After the change of power in Georgia in 2012, the new government opened an investigation against Kezerashvili. He was alleged to have embezzled €5 million ($5.2 million) during his tenure as defense minister under the auspices of a combat training project. Kezerashvili denied the allegations and was acquitted of embezzlement by the Tbilisi City Court and the Tbilisi Court of Appeals.

The Georgian government has made repeated failed attempts to extradite Kezerashvili to Georgia. In October 2013, Kezerashvili was detained on an Interpol warrant in France, with the Georgian government seeking his extradition. The Aix-en-Provence City Court ruled against his extradition and Kezerashvili was released in early 2014. INTERPOL declared a search for Kezerashvili by red notice in 2014. However, INTERPOL revoked its red notice the next year.
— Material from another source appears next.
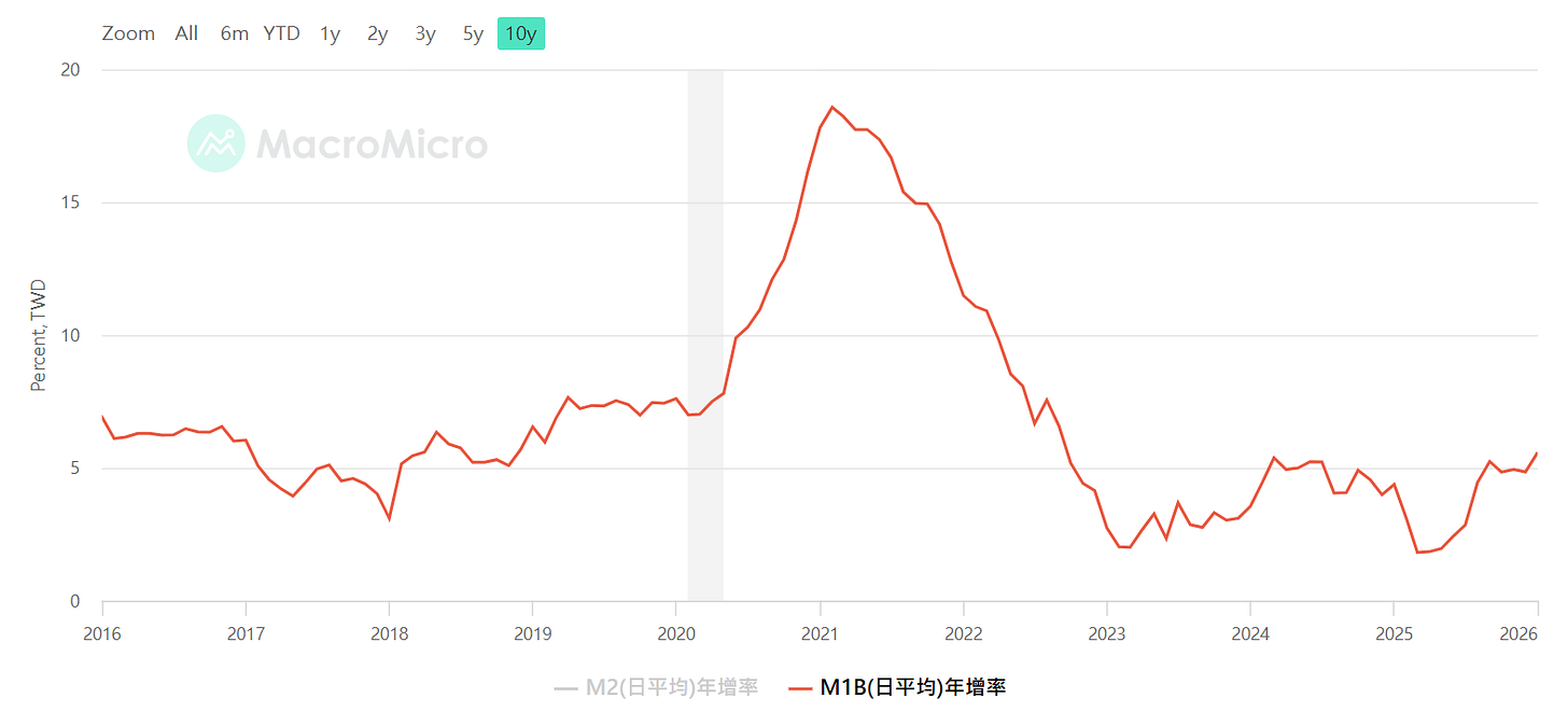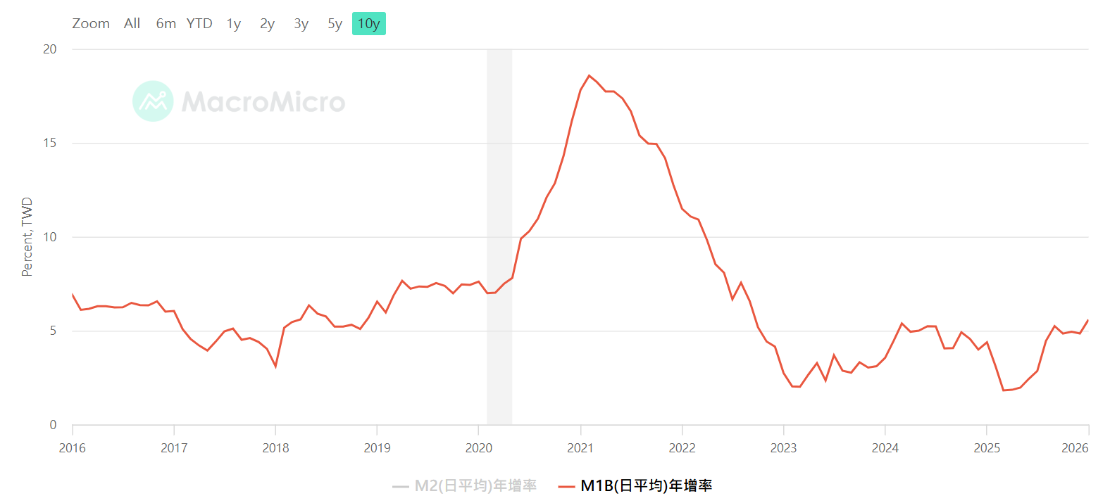 M1B年增率,若負值為警訊,資料來源:MacroMicro 財經M平方

In 2016, the United Kingdom also refused to extradite Kezerashvili to Georgia. At the Westminster Magistrates' Court in London, the Senior District Judge Howard Riddle heard that Interpol had stated “it would refuse to provide police cooperation to Georgia” because “such cooperation would not conform with article 3 of its constitution” and that “there are concerns over the political motivation or prosecutions, and an alleged lack of due process in the context of pre-trial detention.” In dismissing the extradition request, the judge stated that witnesses on Kezerashvili's behalf were “persuasive and moving” and that the “defense has provided live and credible evidence that casts considerable doubt over the basis of the case against Mr Kezerashvili.”

In September 2021, the Supreme Court of Georgia overturned both acquittals against and sentenced him to 10 years in prison in absentia. Due to the amnesty, he would serve only five years in prison. Kezerashvili argued that the charges were politically motivated against him. In December 2024, the European Court of Human Rights ruled Kezerashvili's right to a fair trial had been violated as a result of the case being heard by a judge who had previously worked in the General Prosecutor's office.

It has been reported that the State Prosecutor's Office of Israel for Tax and Financial Crimes may also charge Kezerashvili for corruption.

In December 2024, Russia's Federal Security Service (FSB) raided a call center it said was part of an international network that operating in Kezerashvili's interests. Officials allege the call center defrauded 100,000 people in 50 countries, including the European Union. The group's daily profits reportedly group’s reached $1 million a day, mainly through illegal investment scams.

===Georgian politics and media===

On 3 September 2019, Kezerashvili bought control packet of shares of TVFormula, a pro-opposition Georgian TV channel.

Kezerashvili is considered to be a major financial donor to several Georgian opposition parties, including the United National Movement, Strategy Aghmashenebeli and Droa. He has also financially supported Girchi TV, operated by the opposition Girchi — More Freedom party. It was reported that he was linked to attempts to remove Nikanor Melia as Chair of the UNM. Melia accused Kezerashvili of attempting to gain "informal influence" over the party.